I might be missing some basic ES knowledge here

Discarding results might not be the end of the world. We often discard matches behind the scenes when pulling the top N of something from a distributed set of data stores.

For my case I cannot discard it. We're building a feed with users latest two posts. A user can upload multiple posts in a row, but we do not want the feed flooded by the same user, if they upload 10+ posts in one go, so we want to make sure it's only the last two.

So for every page, I would have to decide on a few things that would now get shown. It would be random if I just start picking things out on each request, to make sure there are only 10 per page.

Not sure what my options are here and if ES can help me, out of the box.

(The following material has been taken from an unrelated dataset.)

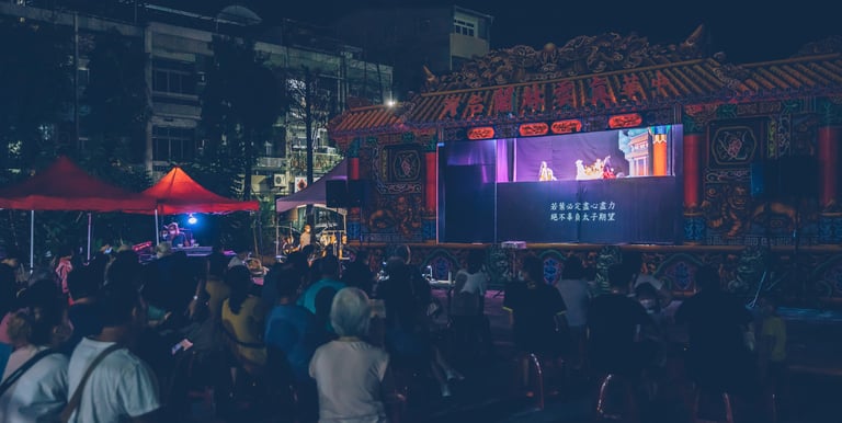 我們承接各類型演出邀約,包含傳統民戲、節慶活動與商業演出製作。依據不同場域與觀眾結構,調整劇目內容與演出形式,讓布袋戲在保有傳統精神的同時,也能自然融入當代的觀看情境,完成一場被記住的現場。

Try terms value source in composite aggregation instead of terms aggregation. You have to send after_key for every subsequent request.
It also support size and order and you can have top_hits as sub aggregation fior composite as in the previous example.

https://www.elastic.co/guide/en/elasticsearch/reference/current/search-aggregations-bucket-composite-aggregation.html

This topic was automatically closed 28 days after the last reply. New replies are no longer allowed.